So i have a program that reads json, flattens it and dumps csv:
所以我有一个程序,读取json,展平它并转储csv:
import json
import unicodecsv as csv
import sys
import glob
import os
from flatten_json import flatten_json
def createcolumnheadings(cols):
#create column headings
columns = cols.keys()
columns = list( set( columns ) )
return columns
doOnce=True
path=os.chdir(sys.argv[1])
for f in glob.glob("smallR.txt"):
fName=os.path.splitext(f)[0]
out_file= open( 'csv/' + fName+'.csv', 'wb' )
csv_w = csv.writer( out_file, delimiter="\t", encoding='utf-8' )
with open(f, 'r') as handle:
for line in handle:
data = json.loads(line)
flatdata =flatten_json(data)
if doOnce:
columns=createcolumnheadings(flatdata)
columns.insert(0,'racism')
csv_w.writerow( columns)
doOnce=False
flatdata['racism']= 0
csv_w.writerow(flatdata.get(x, u'') for x in columns)
This works OK, with one problem. My program just takes the column headings from the first line in smallR.txt (plus it adds a 'Racism' column).
这有效,有一个问题。我的程序只从smallR.txt中的第一行获取列标题(加上它添加了一个'Racism'列)。

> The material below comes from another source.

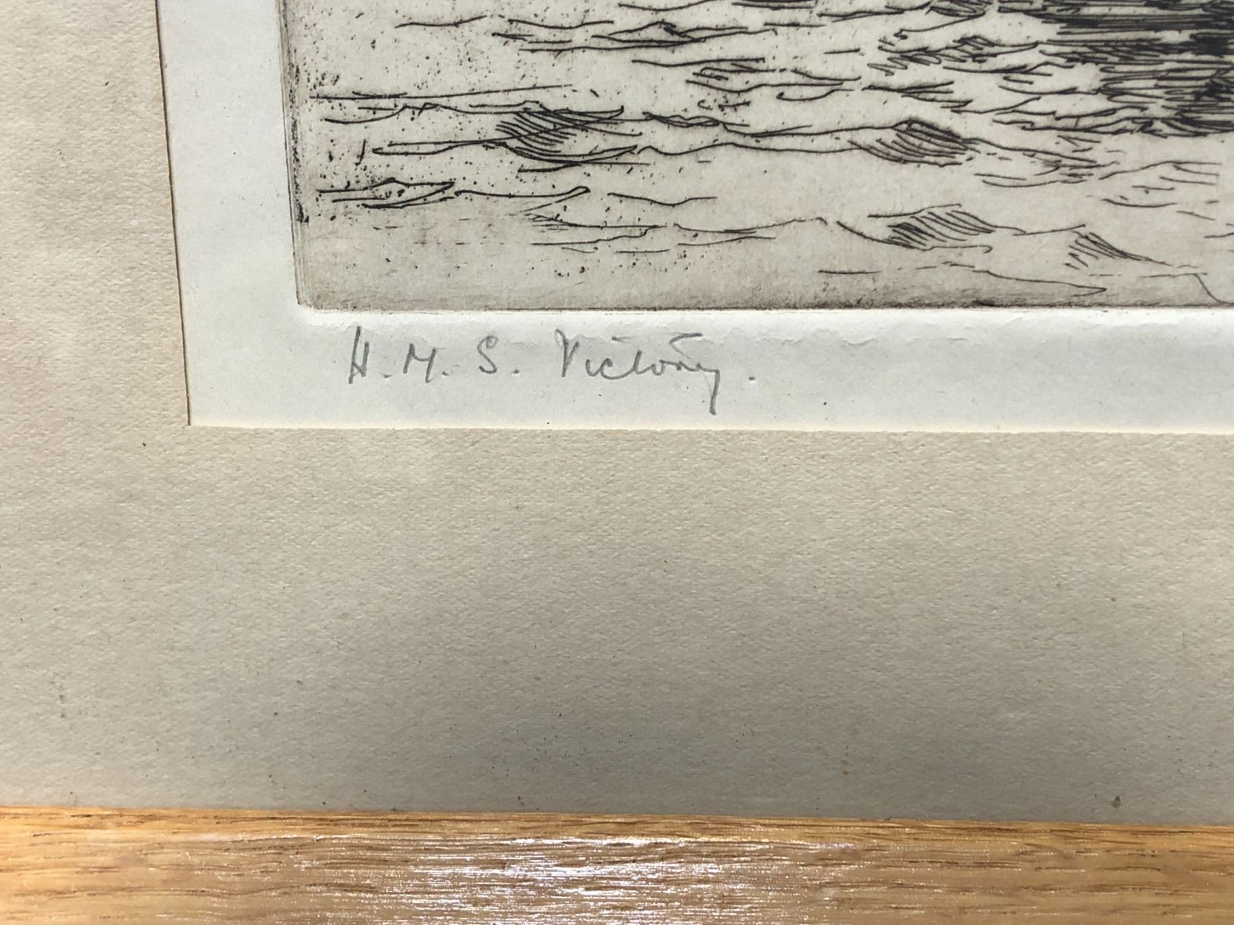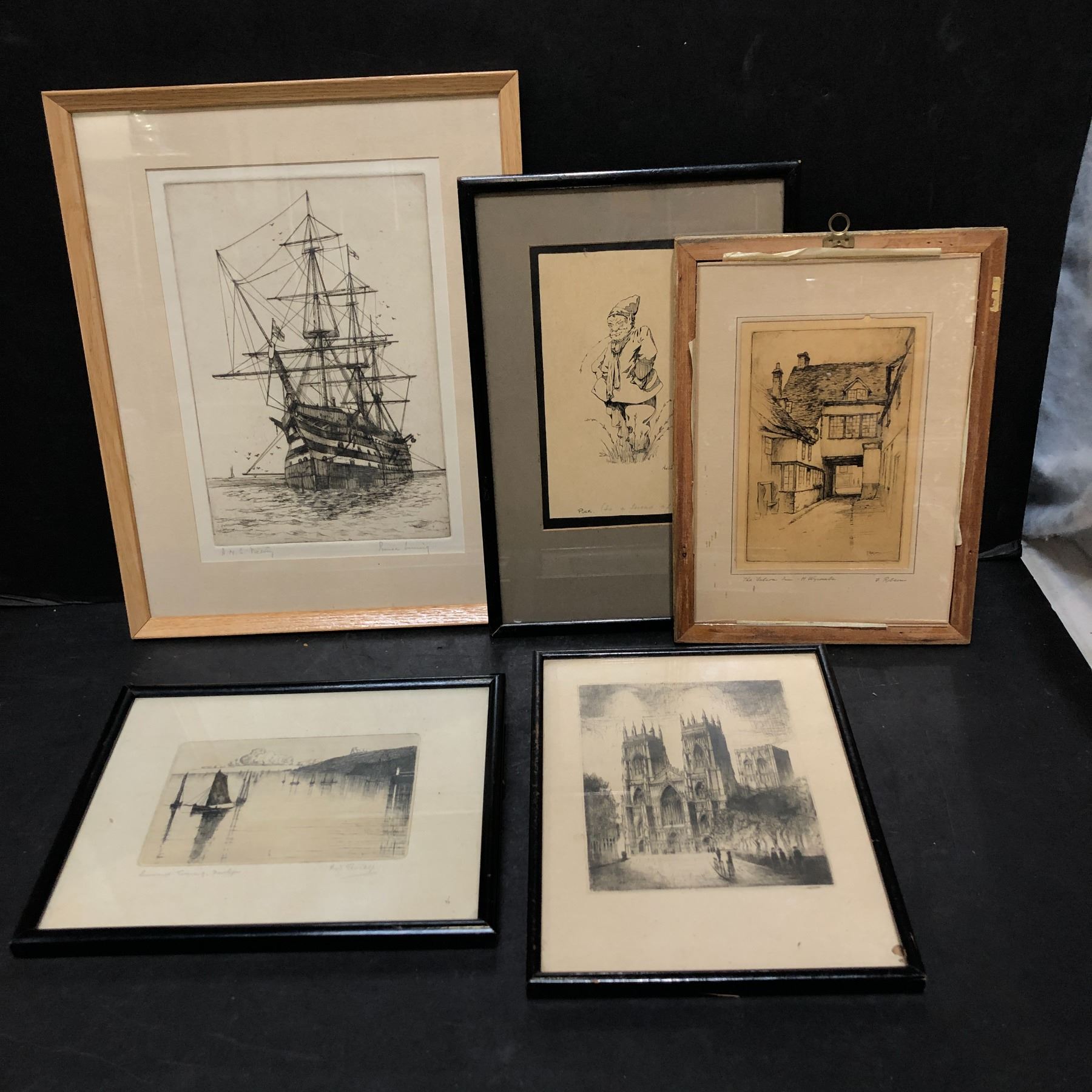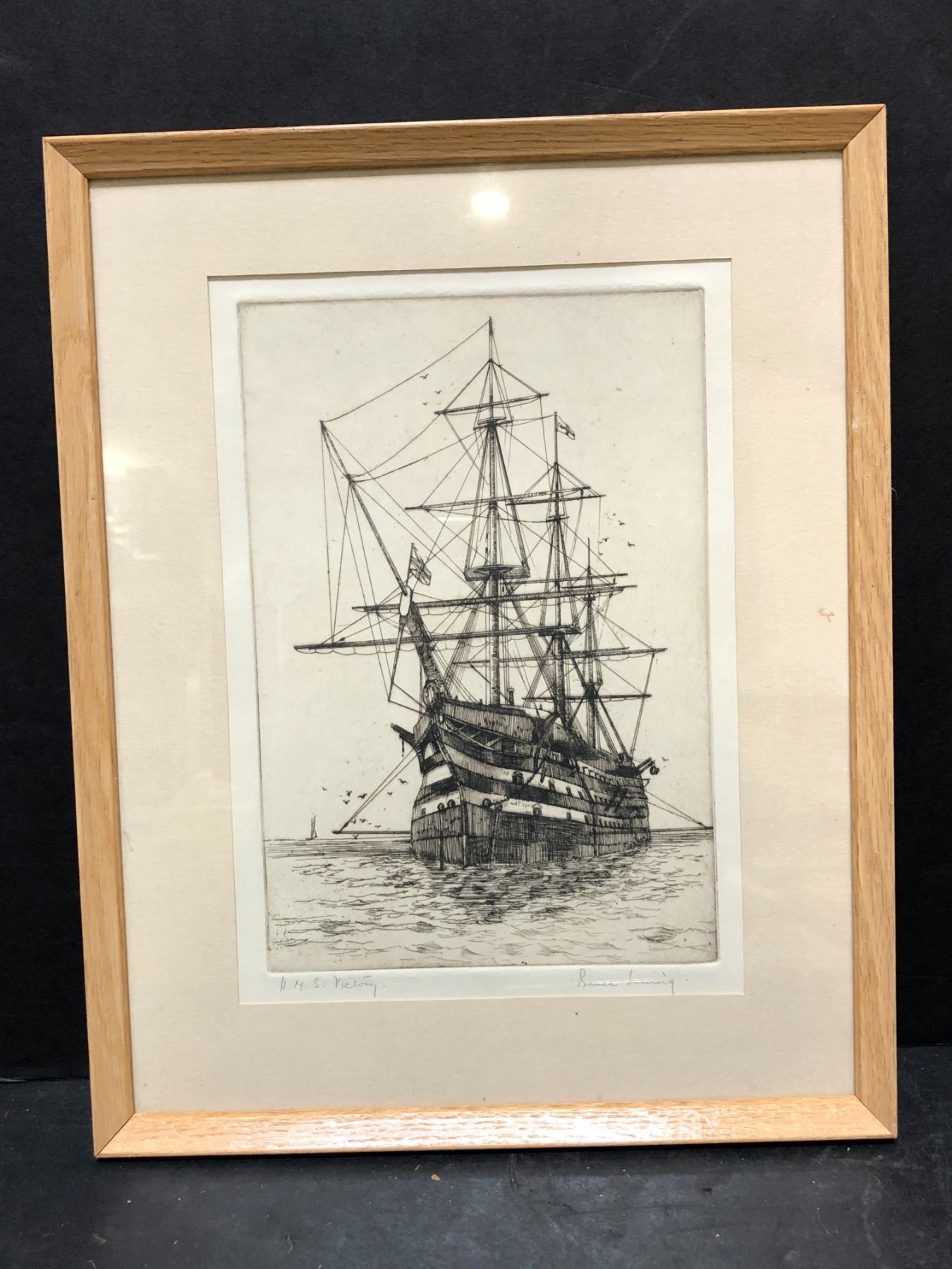 Group of 5 assorted framed paintings - includes H.M.S victory ship painting (approx 12" x 15")
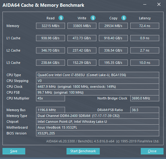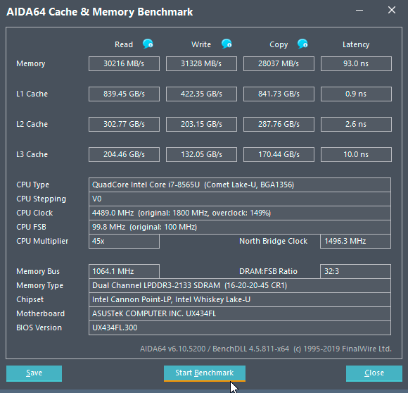 Поэтому пропускная способность такой памяти немного выше, чем у «оперативки» ZenBook 14 UX434F, а латентность меньше сразу на 22%.

Some of the latter data (smallR.txt here) has different columns. This results in output not quite right, see small.csv here.
后面的一些数据(此处为smallR.txt)具有不同的列。这导致输出不太正确,请参见small.csv。
Is there an easy way to adapt my program to handle new column headings found on later lines?
是否有一种简单的方法来调整我的程序来处理后续行中的新列标题?
1 个解决方案
#1
1
In that case you need to scan the whole file first, in order to get all the possible columns:
在这种情况下,您需要先扫描整个文件,以获取所有可能的列:
with open(f, 'r') as handle:
data = [json.loads(line) for line in handle]
columns = ['racism'] + list({k for entry in data for k in entry.keys()})
csv_w.writerow(columns)
for entry in entries:
csv_w.writerow(entry.get(c, '') for c in columns)
This loads all data in memory. If this is not acceptable to you, you might read the file twice: one to get the columns, another to read and write:
这会将所有数据加载到内存中。如果你不接受这个,你可能会读两次文件:一个用于获取列,另一个用于读写:
with open(f, 'r') as handle:
columns = ['racism'] + list({k for line in handle for k in json.load(line).keys()})
csv_w.write(columns)
with open(f, 'r') as handle:
for line in handle:
entry = json.loads(line)
csv_w.write(entry.get(c, '') for c in columns)
The flatten_json function definition is missing so I can only guess what it does.
缺少flatten_json函数定义,因此我只能猜测它的作用。
#1
1
In that case you need to scan the whole file first, in order to get all the possible columns:
在这种情况下,您需要先扫描整个文件,以获取所有可能的列:
with open(f, 'r') as handle:
data = [json.loads(line) for line in handle]
columns = ['racism'] + list({k for entry in data for k in entry.keys()})
csv_w.writerow(columns)
for entry in entries:
csv_w.writerow(entry.get(c, '') for c in columns)
This loads all data in memory. If this is not acceptable to you, you might read the file twice: one to get the columns, another to read and write:
这会将所有数据加载到内存中。如果你不接受这个,你可能会读两次文件:一个用于获取列,另一个用于读写:
with open(f, 'r') as handle:
columns = ['racism'] + list({k for line in handle for k in json.load(line).keys()})
csv_w.write(columns)
with open(f, 'r') as handle:
for line in handle:
entry = json.loads(line)
csv_w.write(entry.get(c, '') for c in columns)
The flatten_json function definition is missing so I can only guess what it does.
缺少flatten_json函数定义,因此我只能猜测它的作用。